*** EXTRACTED ENTRIES Section Begins ***

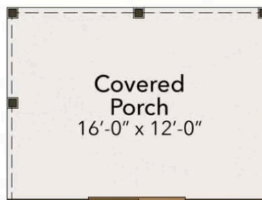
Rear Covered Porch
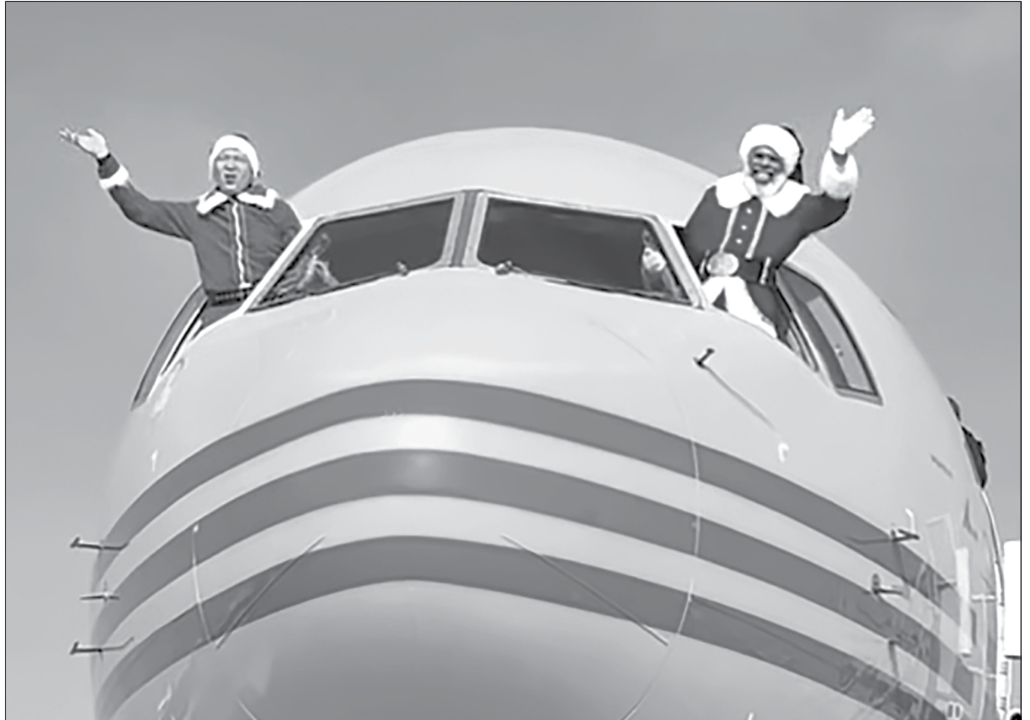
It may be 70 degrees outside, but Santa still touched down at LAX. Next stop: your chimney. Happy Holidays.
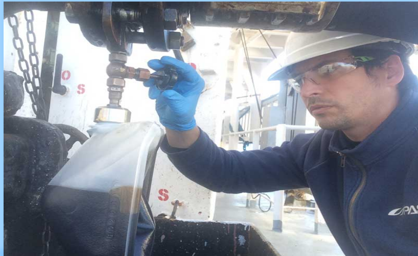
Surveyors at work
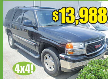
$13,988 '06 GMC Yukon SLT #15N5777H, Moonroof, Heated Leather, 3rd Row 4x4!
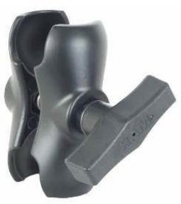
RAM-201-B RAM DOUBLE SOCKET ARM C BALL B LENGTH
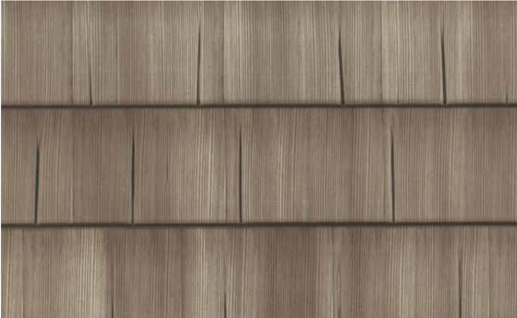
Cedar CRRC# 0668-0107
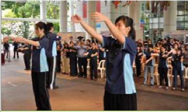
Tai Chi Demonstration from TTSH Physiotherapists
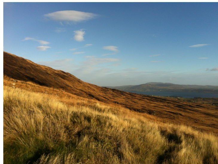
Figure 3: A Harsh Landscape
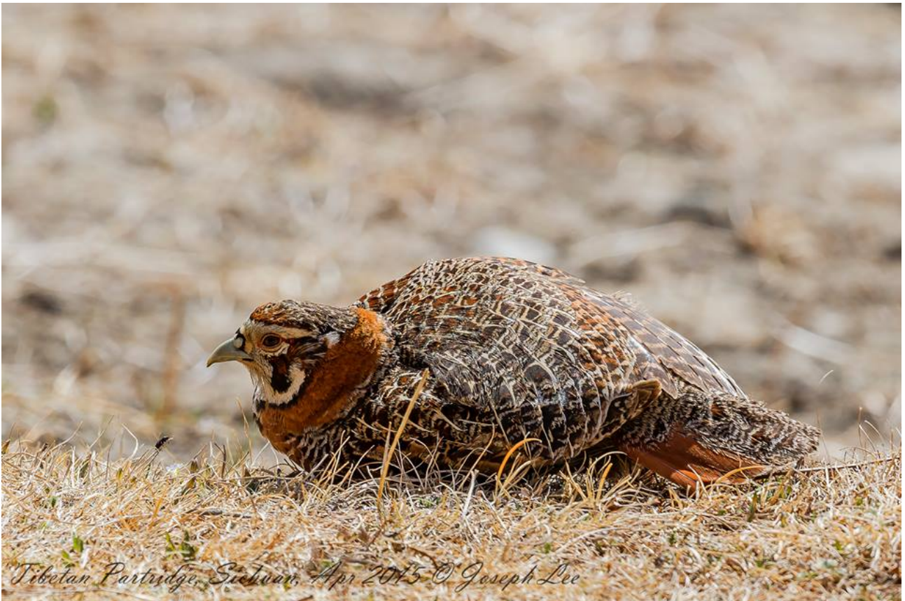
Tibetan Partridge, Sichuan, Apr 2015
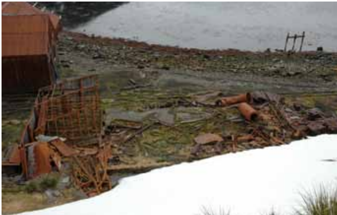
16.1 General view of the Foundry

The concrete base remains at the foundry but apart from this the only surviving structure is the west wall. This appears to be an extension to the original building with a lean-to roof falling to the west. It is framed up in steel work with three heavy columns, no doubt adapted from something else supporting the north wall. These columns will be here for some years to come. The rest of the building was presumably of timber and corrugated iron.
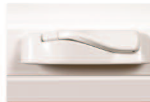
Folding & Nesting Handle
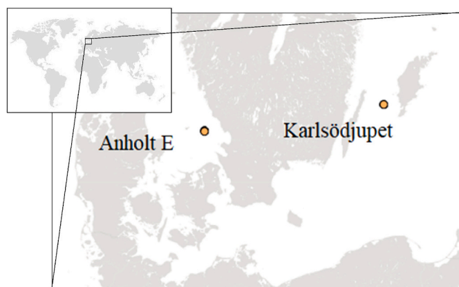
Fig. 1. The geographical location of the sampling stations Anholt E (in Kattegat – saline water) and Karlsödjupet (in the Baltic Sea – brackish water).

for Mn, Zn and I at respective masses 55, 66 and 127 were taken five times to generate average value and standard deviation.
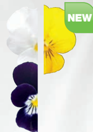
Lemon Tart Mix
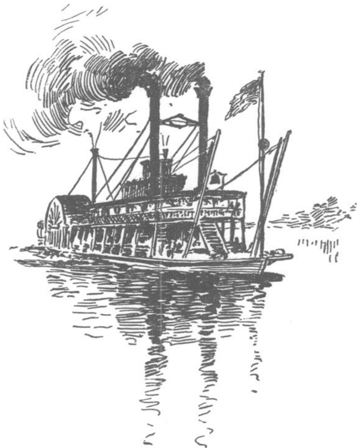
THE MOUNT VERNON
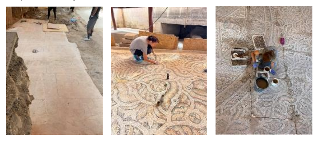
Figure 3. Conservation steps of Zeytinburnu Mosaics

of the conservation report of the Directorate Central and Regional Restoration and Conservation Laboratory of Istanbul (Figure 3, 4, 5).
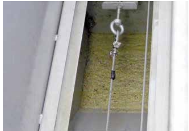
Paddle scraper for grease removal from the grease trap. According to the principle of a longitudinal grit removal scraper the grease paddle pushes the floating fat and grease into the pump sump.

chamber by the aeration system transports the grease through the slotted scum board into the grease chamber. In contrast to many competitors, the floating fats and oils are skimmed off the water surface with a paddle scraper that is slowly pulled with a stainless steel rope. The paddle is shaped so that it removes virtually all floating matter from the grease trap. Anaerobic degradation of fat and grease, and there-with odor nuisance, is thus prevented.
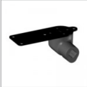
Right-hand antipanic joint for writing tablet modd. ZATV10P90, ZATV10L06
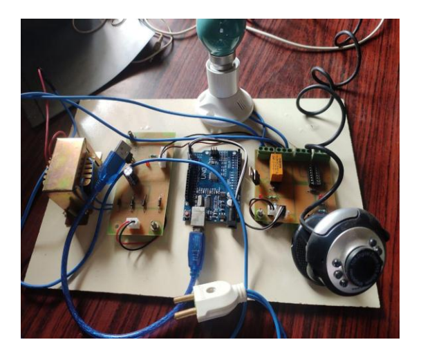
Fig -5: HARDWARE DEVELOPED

*** EXTRACTED ENTRIES Section Ends ***

Return only the stretch above from the line containing "16.1 General view of the Foundry" through the line containing "Fig. 1. The", word for word and without pictures.

▸ **ANSWER TO THIS TASK**:
16.1 General view of the Foundry

The concrete base remains at the foundry but apart from this the only surviving structure is the west wall. This appears to be an extension to the original building with a lean-to roof falling to the west. It is framed up in steel work with three heavy columns, no doubt adapted from something else supporting the north wall. These columns will be here for some years to come. The rest of the building was presumably of timber and corrugated iron.
Folding & Nesting Handle
Fig. 1. The geographical location of the sampling stations Anholt E (in Kattegat – saline water) and Karlsödjupet (in the Baltic Sea – brackish water).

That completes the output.